While the use of hydrogen as a fuel dates back more than 150 years, recent announcements have brought hydrogen back into the spotlight as leaders around the world seek to secure a sustainable energy future.

But not all hydrogen is made equal. Although hydrogen is actually a colorless gas, it is commonly referred to by a color to denote how clean it is: black, gray and brown being least clean, a cleaner blue and a true zero-emission green hydrogen.

Here is an explanation of the hydrogen “colors”:

Green Hydrogen. Generating green hydrogen nearly eliminates all carbon emissions because it uses clean, renewable sources. With this method, hydrogen is produced through the electrolysis of water, where electricity generated from solar panels or wind turbines is sent through water, releasing oxygen and (green) hydrogen.

Yellow Hydrogen is a relatively new phrase for hydrogen made through electrolysis using zero-emission solar panels.

Pink Hydrogen is generated through electrolysis powered by nuclear energy. 

Purple Hydrogen is made though using nuclear power and heat through combined chemo thermal electrolysis splitting of water.

Red Hydrogen is produced through the high-temperature catalytic splitting of water using nuclear power thermal as an energy source.

White Hydrogen is a naturally-occurring geological hydrogen found in underground deposits and created through fracking. There are no strategies to exploit this hydrogen at present.
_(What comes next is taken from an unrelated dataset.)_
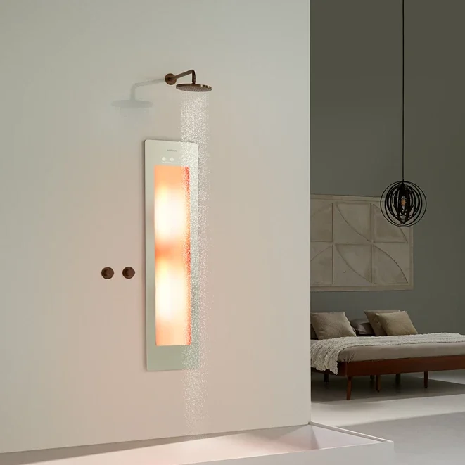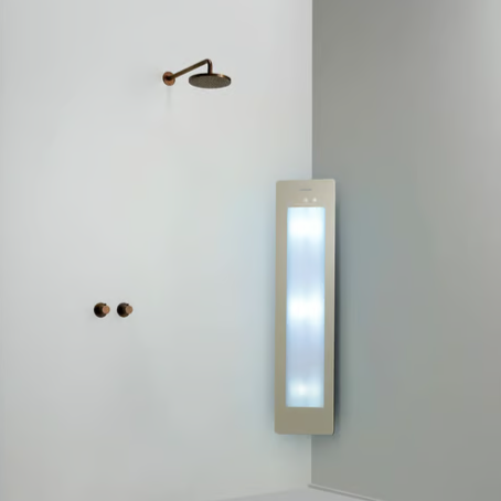 UV-licht combineert en ontworpen is voor inbouw in de douche. Dit model is ideaal voor mensen die willen genieten van de gezondheidsvoordelen van zonlicht en warmte, geïntegreerd in hun dagelijkse doucheritueel.

Blue Hydrogen is fossil fuel-based (see brown, black, or gray hydrogen), but the carbon emissions from the hydrogen generation process are greatly reduced by using carbon capture and storage. So while blue hydrogen reduces CO2 emissions (by as much as half), it does not go far enough to meet international guidelines for reducing greenhouse gas emissions.
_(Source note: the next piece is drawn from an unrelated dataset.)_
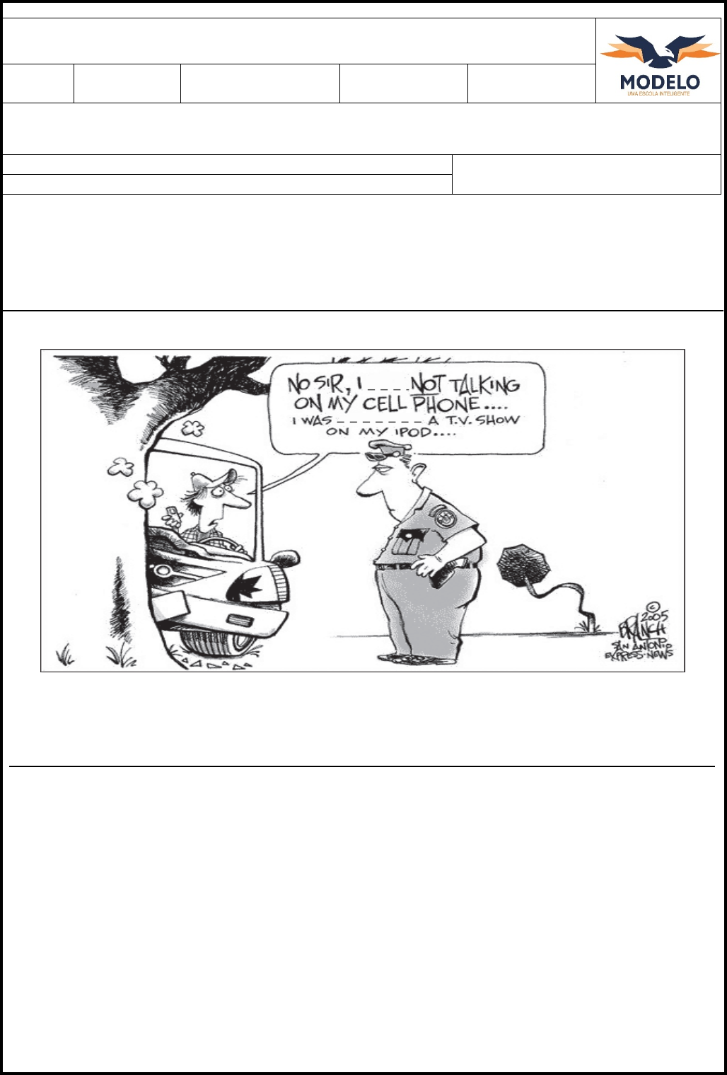 ATIVIDADES – LEM-INGLÊS - ROTEIRO 12 SIMPLE PAST and PAST CONTINUOUS Turma: 1.º ano Segmento: E. M. Data: / / Valor: Nota: Aluno(a): ________________________________________________________________ Professor: Horomar França Assinatura do responsável: Coordenação: Neusa Amaral INSTRUÇÕES: « Estas atividades poderão ser avaliativas; « Precisam ser enviadas para o professor por e-mail até o dia 16/07/2020; « Não é necessário imprimir, as respostas podem ser anotadas em uma folha separada; 1.What is the best option to complete the gaps in the following cartoon? a) wasn’t; watched. b) was; watched. c) wasn’t; watching. d) was; watching. 2.Complete the sentences with the correct form of the verbs. Use simple past or past conti- nuous tenses. a) When my mother _____________ us for dinner we _____________ the video game. (to call) (to play) b) Charles and Bill _____________ at the club when it _____________ to rain. (to swim) (to start) c) Last night while my brother and I _____________ the homework our neighbors _____________ a party. (to do) (to have) d) I _____________ a book last night when the lights _____________ .(to read) (go out) 3. Complete as orações a seguir com o past continuous. a) I _____________ (watch) TV while they _____________ (listen) to music. b) It _____________ (rain) this morning when I got up. c) While _____________ (take) a shower, Jennifer called me up. d) When I arrived home, my parents _____________ (sleep). e) When Bob called we _____________(have) dinner. f) The maid cut her finger while she _____________ (cut) the vegetables. 4. (AFA) Mark the option that completes the gaps respectively. “I ________ in Freeport, Illinois. My first job was at the local carwash. I ________ sixteen years old. I ________ every day, all summer, for a dollar an hour. I worked with ten other guys. All of us ________from different racial, religious and economic backgrounds. We had to clean cars in teams, and we quickly learned to work together. a) woke up / were / came back / came b) was born / had / traveled / got c) grew up / was / worked / were d) lived / got / tried / lived 5. (EFOMM) On the way home I _________Jane at the bus stop. She ______________a be- autiful dress but she _____________happy. a) met – was wearing – didn’t look b) meet – was wearing – didn’t look c) met – wore – doesn’t looked d) meet – is wearing – didn’t look e) met – wears – doesn’t looked 6. (PUC-CAMPINAS) Assinale a alternativa que traz os verbos entre parênteses em sua for- ma correta para preencher a seguinte frase: “The dinosaur (live) 100 million years ago. It (walk) on two legs. Its arms (be) very small. Its mouth (be) very big. It (have) long teeth. A alternativa correta é: a) lived, walked, were, was, had b) was living, was walking, was, were, had c) lived, walked, was, were, was having d) lived, was walking, was, were, were having e) lives, were walking, was, were, had

Turquoise Hydrogen can be extracted by using the thermal splitting of methane via methane pyrolysis. The process, though at the experimental stage, remove the carbon in a solid form instead of CO2 gas.

Brown Hydrogen. Roughly 95% of hydrogen is fossil-based.  Brown Hydrogen is made via steam-methane reforming, in which steam is used to produce hydrogen from a methane source like natural gas.
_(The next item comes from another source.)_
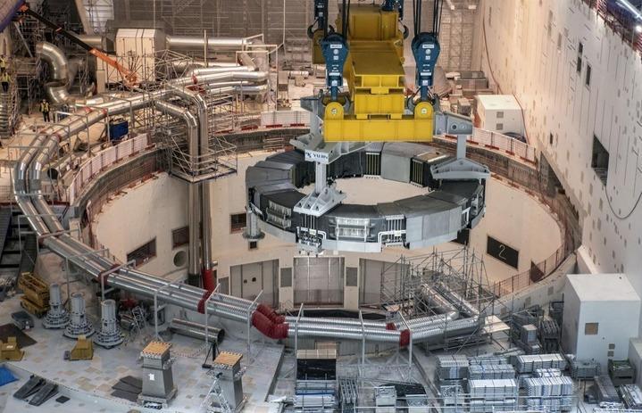 2021年4月,中國研制的PF6超導磁體線(xiàn)圈在法國ITER項目現場(chǎng)吊裝。新華社發(fā)
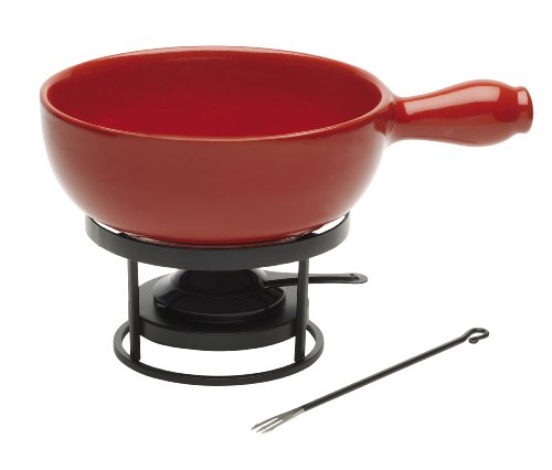 - Fondue set includes 2.6qt pot, burner stand and a set of 6 fondue forks

Coal gasification is the process of producing syngas—a mixture consisting primarily of carbon monoxide (CO), hydrogen (H2), carbon dioxide (CO2), methane (CH4), and water vapour (H2O)—from coal and water, air and/or oxygen.

Black Hydrogen is produced from the gasification process using coal, which was formed when dead plant matter decays into peat and is converted into coal by the heat and pressure of deep burial over millions of years.

Gray Hydrogen is produced from the gasification process using Lignite, a yellow to dark brown or rarely black coal that formed from peat at shallow depths and temperatures lower than 100 °C.

So while the steam methane reforming and gasification processes produce clean, zero-emission hydrogen fuel, they produce significant amounts of Earth-warming CO2 in the process, making them less-than-ideal choices for a truly clean hydrogen future.